Tam ponoć posłany został ten Śniący, a raczej podająca się za niego szkarada w postaci wielkiego pełzacza, co za paskudztwo. Namęczyłam się okropnie, żeby wreszcie przejść tę grę. W sumie tylko dla samego wcielania się w Bezimiennego było warto, bo dla gęstej, splątanej sieci zbugowania, fabuły samej w sobie czy wyczerpującego i niewymiernego do sił użerania się z bestiami różnego pokroju to nie. I zajęło mi to akurat pięćdziesiąt godzin, tam z minutami, a pewnie jakby odliczyć to nieogarnięte kręcenie się tam i z powrotem, to wyszłoby i o połowę mniej, albo niewiele ponad trzydzieści. Od razu postanowiłam sobie, że za drugą część się już nie biorę, chociaż po jakimś czasie i tak pewnie i w niej będę siedzieć tak jak i w pierwszej, zwłaszcza, że ponoć jest nawet ciut lepsza, ale nie mnie jeszcze to oceniać.
Ale to dopiero głupie! Bo po obejrzeniu sobie wczoraj The Basketball Diaries nawet mnie natchnęło, żeby trzymać się precz od tego komputera i internetu w ogóle (ha!), a mimo wszystko pisać ciągle to, co bym pisać mogła, i rysować więcej, uczyć się dalej francuskiego na własną rękę i w ogóle. Tymczasem jednak mimo całej inspiracji, którą wyssałam z tego fascynującego filmu, coś jednak dławi mnie i to tak niewysłowienie, i czuję się przy tym tak parszywie, że i tak nic z tego. Chwilowa mobilizacja to skutkuje najwyżej tym, że prędko znowu się odechciewa i to na jeszcze dłużej, niż poprzednio.

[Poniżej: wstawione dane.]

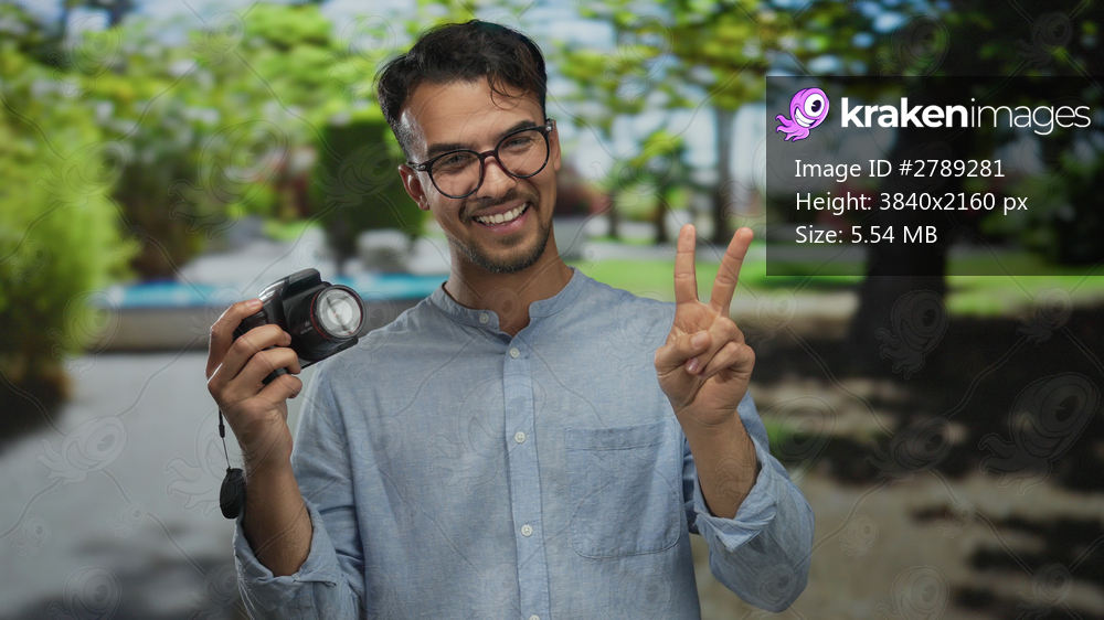 Young hispanic man smiling at camera in a park holding a camera with a peace sign, surrounded by vibrant green nature during daylight.

Co jeszcze mnie pogrążyło okrutnie, to że zdawało mi się, że jednak zbijam wagę sukcesywnie acz bardzo powoli, ale iż cudów nie zdziałam, to dzierżę jakoś mężnie ten oręż świętej cierpliwości. I niezachwianej wytrwałości, tylko przelotnie podszywanej paranoicznymi zakusami.
Tymczasem nie tylko stanęło wszystko w miejscu, ile nawet mam wrażenie, że znów wezbrało, przynajmniej według wagowego wyświetlacza i jego szydzących mi w oczy cyfr.
Oczywiście, może to coś mi się pomyliło, i jednak tej paranoi roi się więcej we mnie, niż bym przecież bezsilnie wolała, lecz jednak dołożyło to porządną cegłówkę zniechęcenia do i tak wleczonego przeze mnie już pod górę szczerze wykańczającego tobołu tragicznej codzienności...
Nawet, o zgrozo, muzyka już zaczęła mnie nużyć, a przynajmniej nie nawiązuję z nią od razu tej osobistej, unikalnej więzi, co zwykle; a to już blisko skrajnej beznadziejności, aż przypominam sobie niestety ten żałosny okres sprzed roku, Boże, uchowaj, co się ze mną dzieje, skoro pewnie chciałabym dobrze, a tkwię tylko w zastygłej jak zwęglony bazalt niemocy, rozkruszona całkiem na pył, obumarła wewnątrz, a mimo to wciąż cierpiąca nie wiadomo co i targana tym nieokreślonym opętaniem?
Every day, every breath is wasting time until my death...
Dostrzegłam takie stwierdzenie jednej z losowych osób żyjących przypadkowo podczas i mojej sromotnie chybionej egzystencji, pod jedną z losowych piosenek, które nie wiedzieć po co, ostatecznie, zdarzało mi się tak dogłębnie przeżyć.